The same issue exists with the .NET framework itself. If you want to move your code base to using 2.x of the framework then you need a new IDE, VS 2005.

So what’s the big deal? To most people entrenched in MS development, nothing. To non-MS people, this can be a big issue and surprises them. They’re used to having the freedom to use any IDE they like or maybe using several depending on what they’re working on. On every non-MS project I’ve worked on, the notion of putting anything related to a development tool into the code base is considered taboo and you do your best to avoid.

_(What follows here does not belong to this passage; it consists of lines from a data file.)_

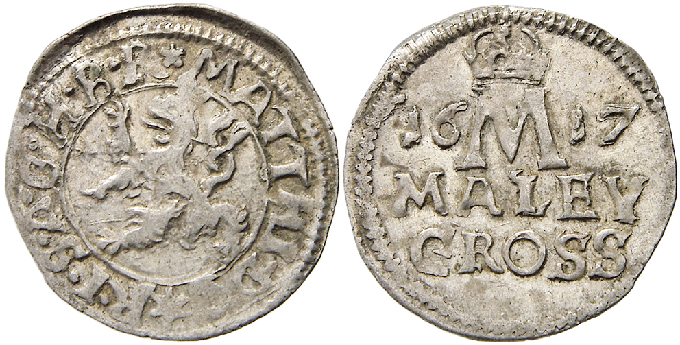 Malý groš 1617 K. Hora - Hölzl. HN-4a, opis 3a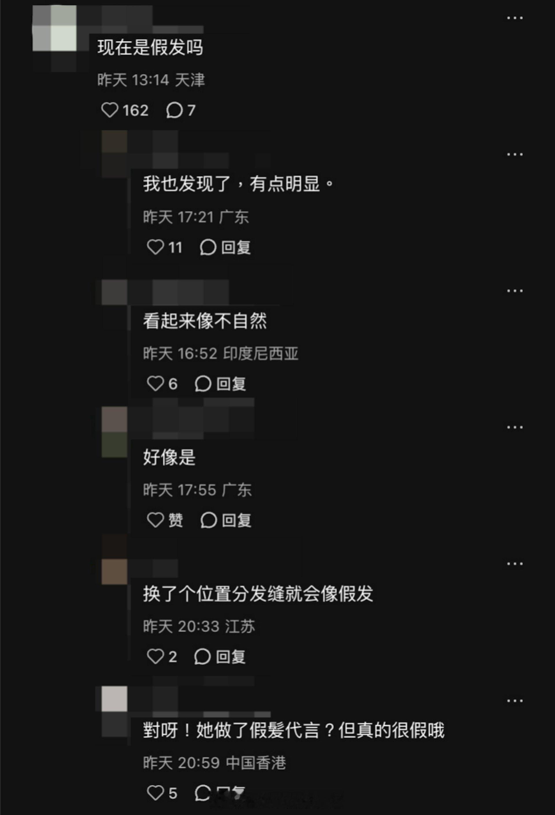 不少网民也表示看不习惯:“看起来很不自然”、“对呀!她做了假发代言?但真的很假哦”、“假发太明显了吧”、“是假刘海”、“不要戴假发和刘海,超明显,美女不需要这些!”,更有网民直指这个造型拉低了她的颜值:“糊涂啊,刘海遮住了你的美!”、“这个假发真是很难看”、“样子没变过,但是这个假发影响了你的颜值”、“姐,刘海封印了你的颜值”;不过,也有网民猜测可能只是分界位置改变而产生错觉:“换了一个位置分发缝就会像假发”,看来大家对陈茵媺“刘海造型”评价还是一般。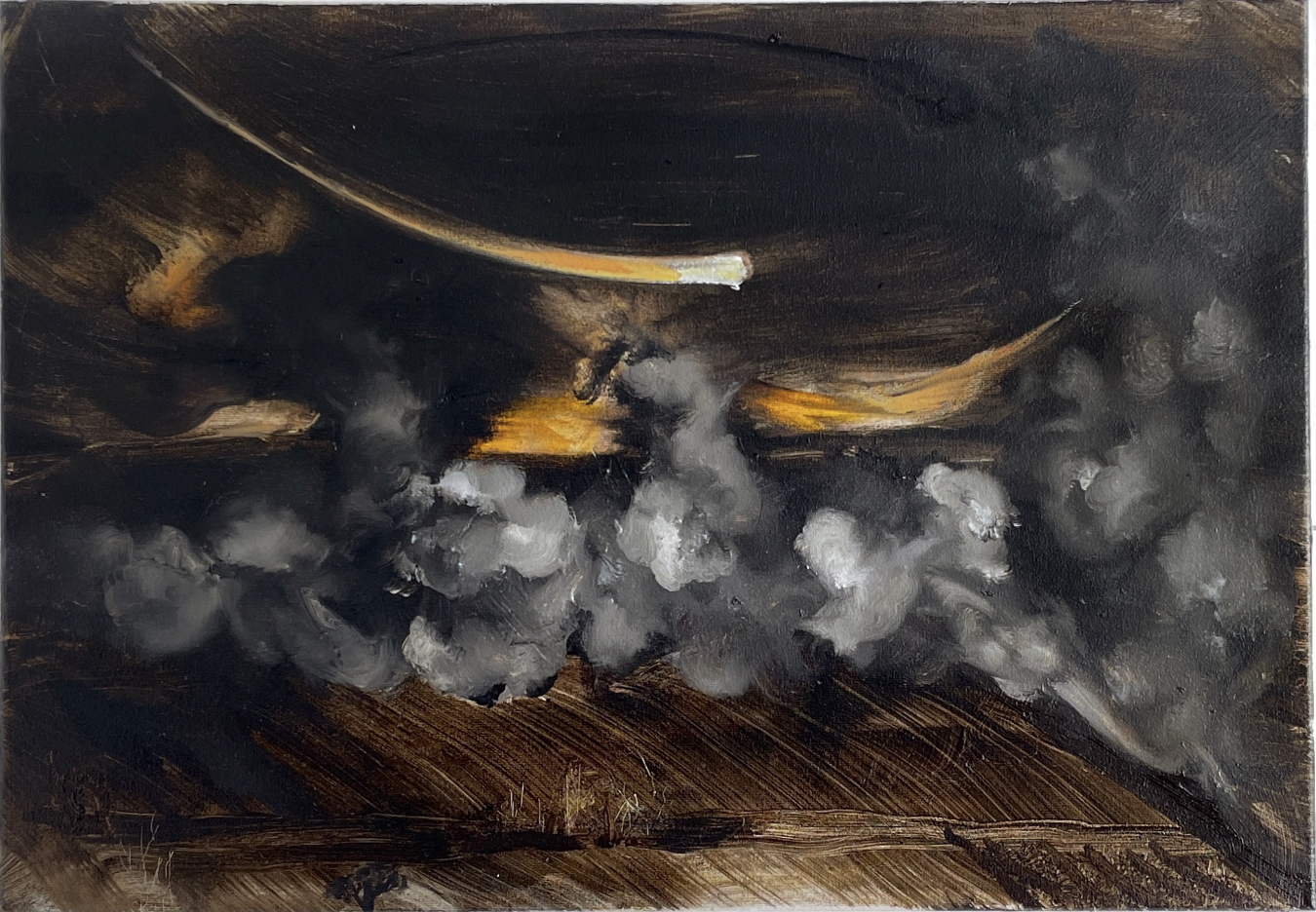 The exhibition considers how land, marked by invasion, becomes a repository of memory, carrying the traces across generations. The Ukrainian landscape is not a neutral setting but a witness- one that absorbs the trauma of war and the instability of memory. A blast wave transforms into a symbolic rupture on the canvas, where land and sky bear the weight of destruction. Trees, stripped bare, become emblems of both devastation and endurance, their twisted forms mirroring a nation’s resilience. The juxtaposition of natural elements with remnants of war- metal anti-tank hedgehogs, now scattered across cities- reflects how destruction has embedded itself into daily life. These landscapes -captured through photographic references- are shifting memories, where nature mourns, resists, and adapts, testifying to both loss and survival.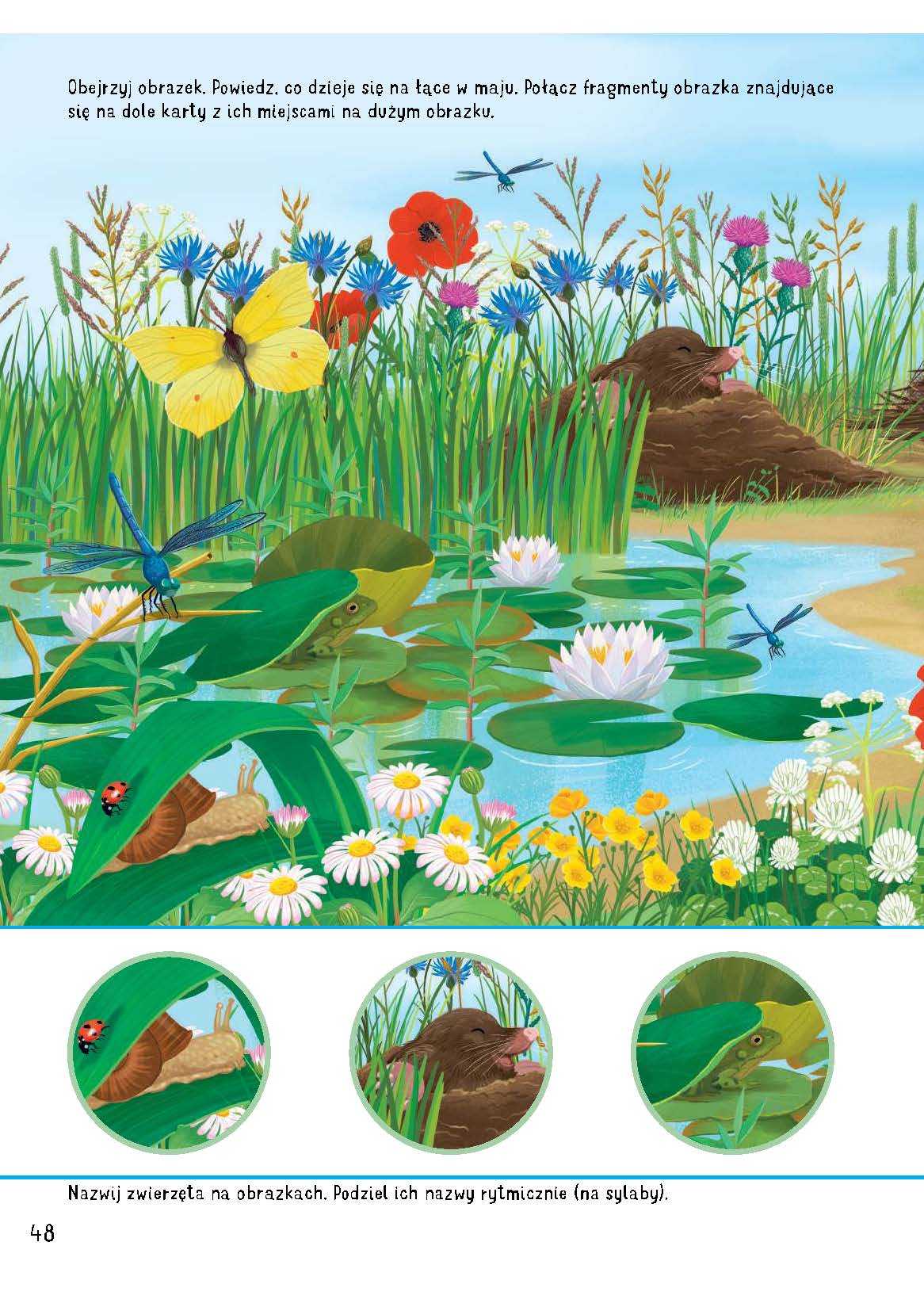 Rodzic pokazuje dzieciom obrazek biedronki z 2 oraz z 7 kropkami. Informuje dzieci, że w naszym kraju występują biedronki z 2 i 7 kropkami. Następnie pyta: Jaka jest biedronka?, Jak wygląda? Dziecko opisują jej wygląd, swoje skojarzenia itp. Następnie Rodzic pokazuje rysunek i pyta, czego brakuje biedronce. Po przyklejeniu wszystkich kropek dzieci wspólnie z Rodzicem liczą kropki na biedronce.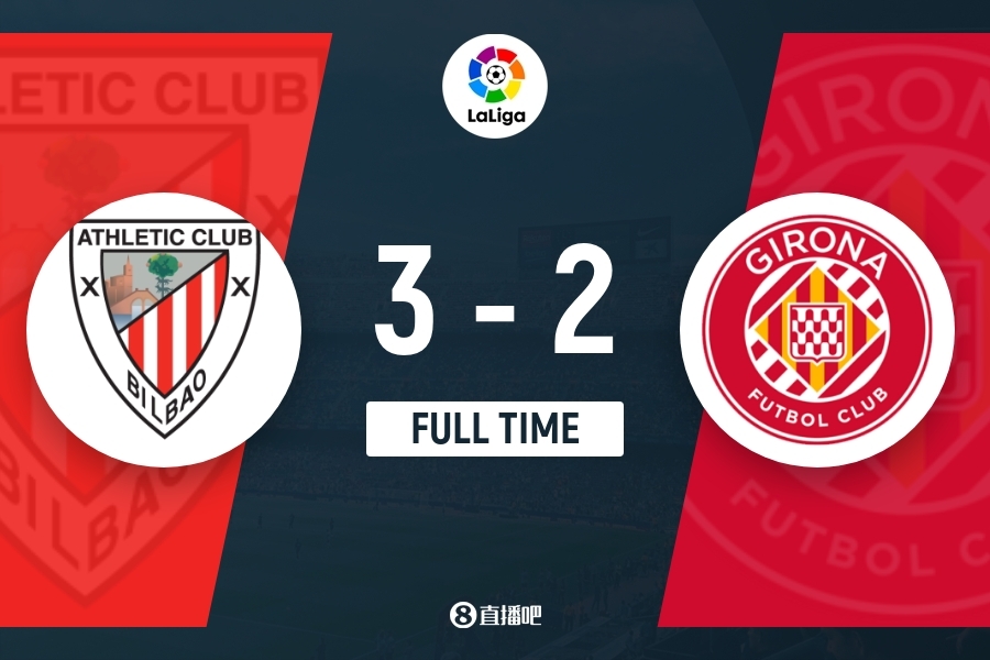 最终全场比赛结束,毕尔巴鄂3-2击败赫罗纳。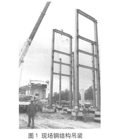 在石油化工裝置新建、改造升級過程中,新建廠房、框架經(jīng)常需要安裝鋼結(jié)構(gòu),立柱、成片鋼結(jié)構(gòu)在地面預(yù)制,吊裝過程中需要翻身直立。鋼結(jié)構(gòu)主吊點(diǎn)一般采用捆綁式(鋼絲繩吊索、卸扣捆綁連接)吊點(diǎn)或焊接板式吊耳進(jìn)行吊裝,但吊裝結(jié)束后必須拆卸吊索具,如圖1所示。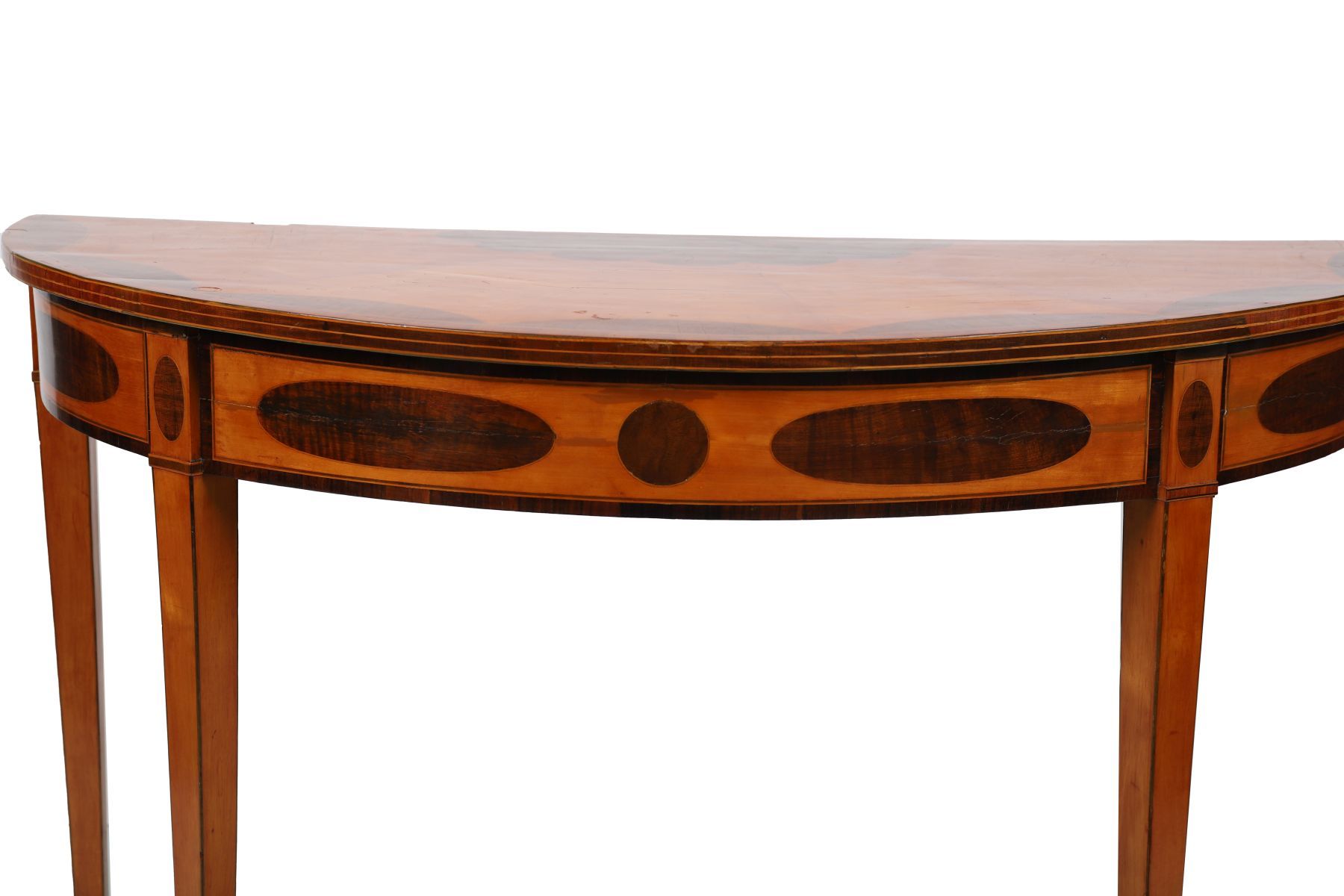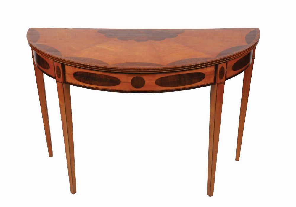 An exceptional late 18th-century demi-lune side table attributed to William Moore of Dublin, in satinwood with crossbanded fruitwood and sycamore inlay, the top decorated with fan and oval motifs, raised on tapering legs.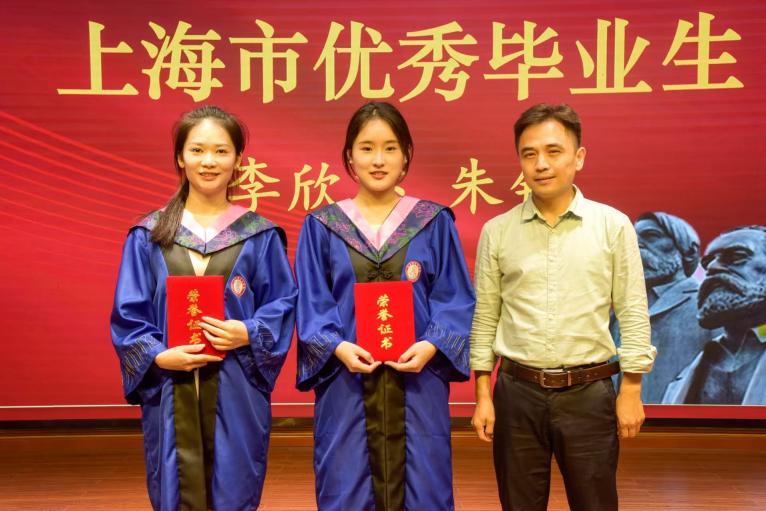 吴军宣读2025届优秀毕业生表彰名单。郭根依次为上海市优秀毕业生、9001cc金沙以诚为本优秀毕业生及马克思主义学院优秀毕业生颁发荣誉证书。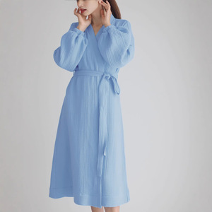 秋の新製品 2025 純綿二層糸快適で肌に優しいロングバスローブパジャマクロスボーダー卸売女性のホーム服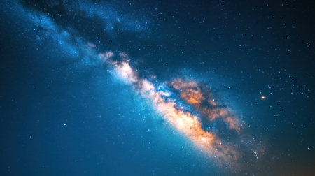 The majestic core of our galaxy, the Milky Way, glows with brilliant blue and orange hues, revealing countless stars and cosmic dust clouds in deep space.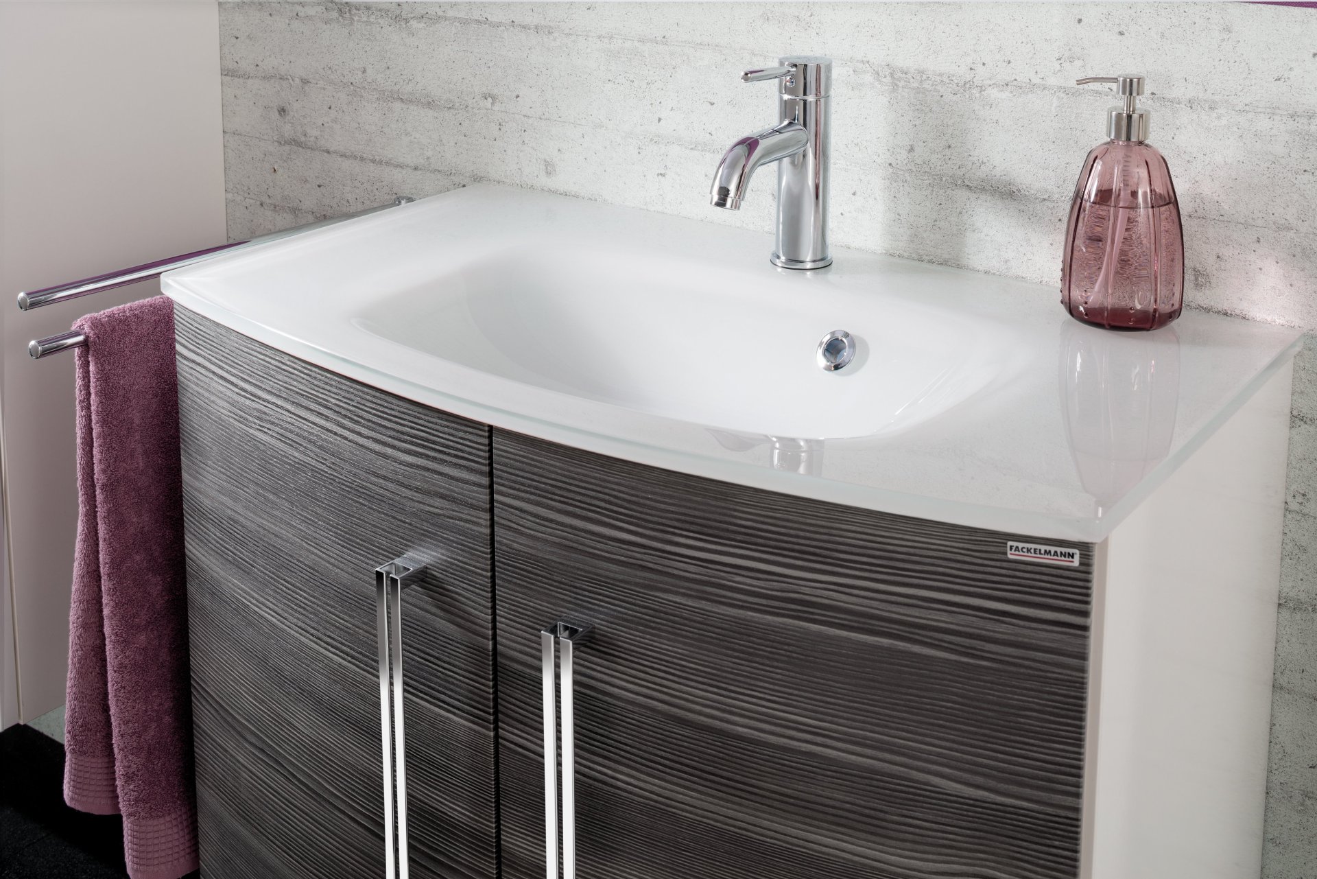Der Glas-Waschtisch aus der Serie VERONA von Fackelmann mit einer Breite von 80,5 cm besticht durch seine geschwungene Formensprache und sein exklusives Design. Ein Blickfang in jedem Badezimmer! Das formvollendete Glasbecken in Weiß ist besonders leicht zu reinigen, wirkt edel und ist ein wahres Designobjekt für Dein Bad. Zu dem Waschbecken passen optimal die Waschtischunterschränke aus der Serie VERONA in den Farbvarianten Weiß-Hochglanz und Nussbaum. Das Waschbecken ist auch als Gussmarmorbecken (Art.Nr. 73600) erhältlich.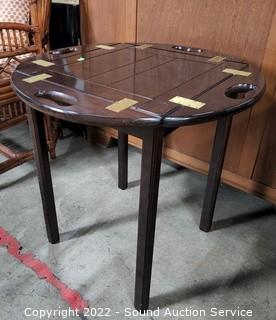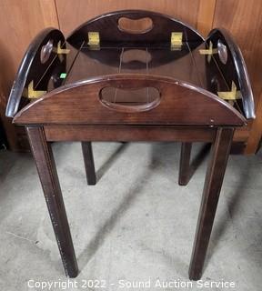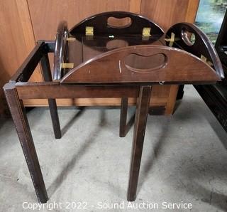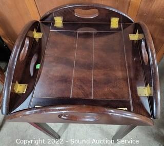 Lot Details: Sides of tray fold down to become a table, or lift up with handles to be a tray. Overall 27" x 18" x 18". Stand has some paint residue on it.

Every other technology framework I’ve worked on has little to no dependency on specific development tools or IDE’s. A new version of Java is released, you get the new version of java and it’s compilers and you’re good. It’s been a while since I’ve worked on a Java project but I’ve never had to upgrade Eclipse or VI when a new version of Java is released.

You want my conspiracy theory, or maybe this is just plain obvious economics? MS makes money selling Visual Studio not the .NET framework. Having these hard connections sells IDE’s. You want to move your code base from .NET 1.x to 2.x? Go for it, it’s “free” except of course having to upgrade every developer’s IDE.

My jaded biased view is that I seriously doubt this has anything to do with technology and is all about selling upgrades. I’m not complaining, just talking out loud.

Todo app

October 31st, 2006

I signed up for the trial of Mark Hurst‘s gootodo yesterday. I just paid for the upgrade today. The 10 todo limit is a joke and makes it practically impossible to truly test the app. The good news is that at $3 a month, paying for a 6 months ‘trial’ is very affordable.

Obviously I like it so far. Very simple app that works quite well. The email integration itself makes it very painless to use, allowing you to simply send your todo’s as emails to addresses like today@gootodo.com, tomorrow@gootodo.com, dec25@gootodo.com etc.

Social wifi

October 3rd, 2006

While I’m not running around to get it setup, this is a great idea. It’s a simple concept and leverages the fact that when we’re on our own networks at home, we rarely require it’s full resources. When we’re out in the world, generally we can see someone’s network and they’ve probably got bandwidth available. So why not share your network with people willing to share theirs?